Subject Advanced Network Technologies extends student knowledge in an area of modern network technologies. The course strives to deepen student's knowledge in more advanced technical features of contemporary networking protocols in data networks. Students will get hands-on experience with topics like Internet unicast routing, multicast routing, IPv6 and design of MPLS networks using various network simulation tools.

Requirements:

The subject expects students already acquired essential basic knowledge in the area of computer science and particularly networks. If students do not have this knowledge, they are required to fill this gap on their own. The final score will be a composite of two subscores as follows. First subscore will be from the individual project, where students can reach max 40 points. Second subscore will be from a final on-line exam, where students can reach max 60 points.

Syllabus of lectures:

1.Introduction and review of basic networking concepts.

2.Review of basic routing principles, OSPF routing protocol.

3.OSPF routing protocol implementation and configuration. Redistribution of routing information

4.Software defined networks (SDN) data networking. Network Function Virtualization (NFV).

5.Application space, transport protocols and their usage, sockets.

6.TCP and its functions, principles of congestion control in the network, AIMD, TCP congestion avoidance

7.Internet as inter-ISP network . Interconnection ISPs - transit, peering, IXP. Understanding the function of the border routing protocol (BGPv4).

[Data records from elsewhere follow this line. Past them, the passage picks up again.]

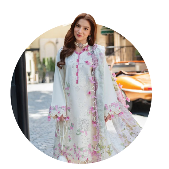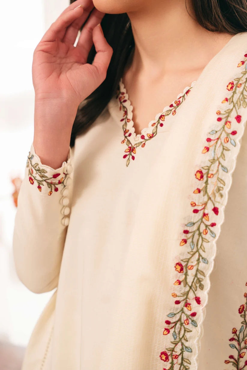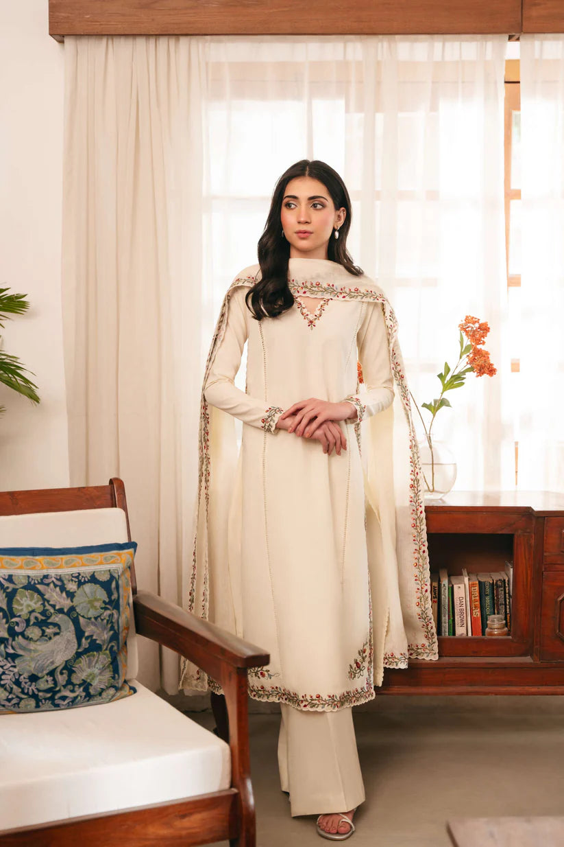 SOLID IVORY HAND EMBELLISHED KURTA WITH FARSHI SHALWAR AND DUPATTA
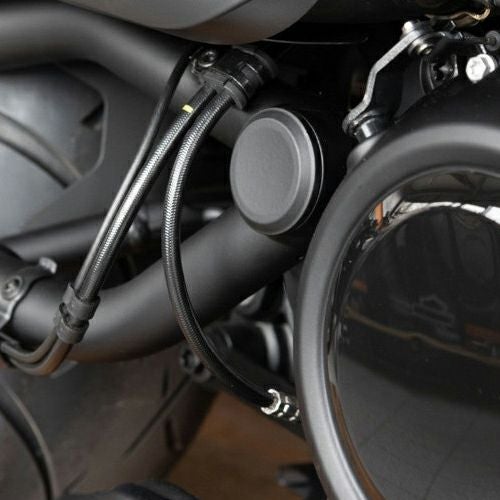 ハーレー ナイトスター RH975用 スイングアームアクスルカバーです。 スイングアーム周りをブラックアウトし、クールなルックスにドレスアップします。 アルミニウム製。CNCマシンによる削り出し加工品です。 マットブラックパウダーコート仕上げ。 左右ペア
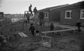 Snögrottor, 4 december 1965. Man varnar för 'farliga snögrottor' i snöhögarna från snöplogarna. Här bygger barnen en snöfästning på stora cementrör på en fyrkantig innergård omgiven av hyreshus. I bakgrunden snötäckta gungor.

8.Affecting distribution of ISP input/output data streams using BGPv4 - attributes, weight, AS path, local preference.

9.IP multicast. Source-oriented multicast distribution tree. Shared multicast tree.

10.Protocol Independent Multicast, sparse and dense mode (PIM-SM, DM)

11.MPLS network and its comparison with conventional IP routed ones.

12.MPLS label distribution protocol and its deployment in MPLS networks.

13.MPLS services. Architecture of MPLS VPN network.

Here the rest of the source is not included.